- Born: 13 November 1936 (age 89) Manchester, Lancashire, United Kingdom
- Occupation: Character actor
- Notable credit(s): EastEnders (1998–2000) Off Their Rockers (2015–2016)
- Spouse: Geoff Harris ​ ​(m. 2002; died 2004)​

= Joan Hooley =

British actress

Joan Hooley (born 13 November 1936) is a British actress. She is best known for playing the role of Josie McFarlane in BBC's EastEnders. Still, she has also appeared in other television programmes, since the mid-1950s. Since 2015, she has appeared in ITV's Off Their Rockers.

==Career==
Hooley first appeared on television in the 1950s. She was cast in the ITV hospital soap opera Emergency Ward 10 and appeared in the series in 1964. She played Dr Louise Mahler, who embarked on an interracial relationship with a white doctor, Giles Farmer (played by John White), which included what was long-thought to have been the first interracial kiss on television. A love scene between the two characters was rewritten because it was considered "a little too suggestive". She has commented, "I suddenly found myself in the papers under the headline: 'Black and White TV Kiss Banned'. It was very upsetting and it hit my self-esteem. My part suddenly evaporated and Dr Mahler was sent back to Africa on a holiday where she was bitten by a snake and died. What an exit!"

Her other credits include roles in No Hiding Place (1961); Danger Man (1965); Special Branch (1969); as Umma in C.A.B. (1988); The Bill (1988; 1993); Bugs (1995) and Kavanagh QC (1997). In 1998 she was cast as Josie McFarlane, the mother of Mick McFarlane (Sylvester Williams), in the BBC soap opera EastEnders. The character was introduced by executive producer Matthew Robinson, but in November 1999 it was announced that Hooley's character was being dropped.
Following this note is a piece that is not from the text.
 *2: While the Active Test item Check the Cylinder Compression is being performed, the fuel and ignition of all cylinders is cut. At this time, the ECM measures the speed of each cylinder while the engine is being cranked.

She made her final appearance in episodes transmitted in February 2000. Since leaving the serial, Hooley has publicly accused EastEnders and the BBC of racism and tokenism, for giving her character no significant storylines, and using her like a prop. In 2000 she commented, "It was very demeaning and a form of insidious racism. That is a very strong phrase to use against the BBC and EastEnders but I feel very badly about how they handled my character. They were just fulfilling a duty to have a black face in the show."

Hooley subsequently had roles in Urban Gothic (2000); Doctors (2004), and Respectable (2006), among others. As well as acting, Hooley has written scripts for the Channel 4 sitcom Desmond's.
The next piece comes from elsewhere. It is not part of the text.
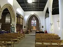 The entrance from the west tower has a round-arched doorway leading into a vestibule with two flights of stairs. A pointed-arched doorway separated the vestibule from the nave and lesser doors lead to the north and south aisles. The nave has a six-bayed south arcade with Doric columns decorated with lion masks. There is a pointed arch in front of the sanctuary with a stone rederos and the east window designed by C.E. Kempe installed in 1879. It depicts the Crucifixion, the Resurrection and the Assention. The west wall is decorated with the coat of arms of George I of Great Britain.

In 2015, Hooley joined the cast of ITV's Off Their Rockers as one of the pranksters. She starred in Season 5, Episode 4 of BBC's Death in Paradise, which aired on 28 January 2016.

==Personal life==
In 2002, at the age of 65, Hooley married actor Geoffrey Harvard Harris, known for his portrayal of Charles Dickens in his one-man Dickens show. They met and became a couple in 1993, and remained together until Harris' death of cancer in 2004.